== WHAT THE TASK REQUIRES ==
Look for the line with "2019年 第六回演能空間「烏帽子折」公演より"; please transcribe it and every later line in the entries exactly, up to the end, leaving pictures out.
*** DATA SHOWN Section Begins ***
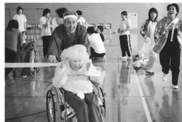
とびっきりの笑顔を下さい “ハイ ゴール 1等賞！”
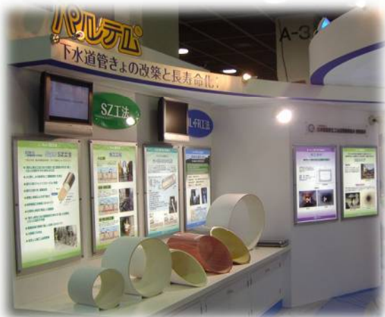
ホースライニング工法および パルテムSZ工法の展示

当ブースへの来場者は下水道展の総入場者77,452人に対して約1,500人前後の見込みで、重ねて来場者各位に感謝申し上げます。
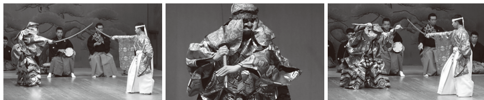
2019年 第六回演能空間「烏帽子折」公演より
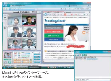
MeetingPlazaのインターフェース。 キメ細かな使いやすさが特長。

*株式会社シードプランニング「2008年度版テレビ会議/Web会議の最新市場動向とHD化傾向」調査報告書(2008年3月)より
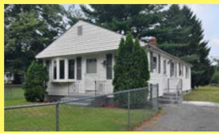
Ranch CUMBERLAND $239.900
*** DATA SHOWN Section Ends ***
== FINISHED TASK ==
2019年 第六回演能空間「烏帽子折」公演より
MeetingPlazaのインターフェース。 キメ細かな使いやすさが特長。

*株式会社シードプランニング「2008年度版テレビ会議/Web会議の最新市場動向とHD化傾向」調査報告書(2008年3月)より
Ranch CUMBERLAND $239.900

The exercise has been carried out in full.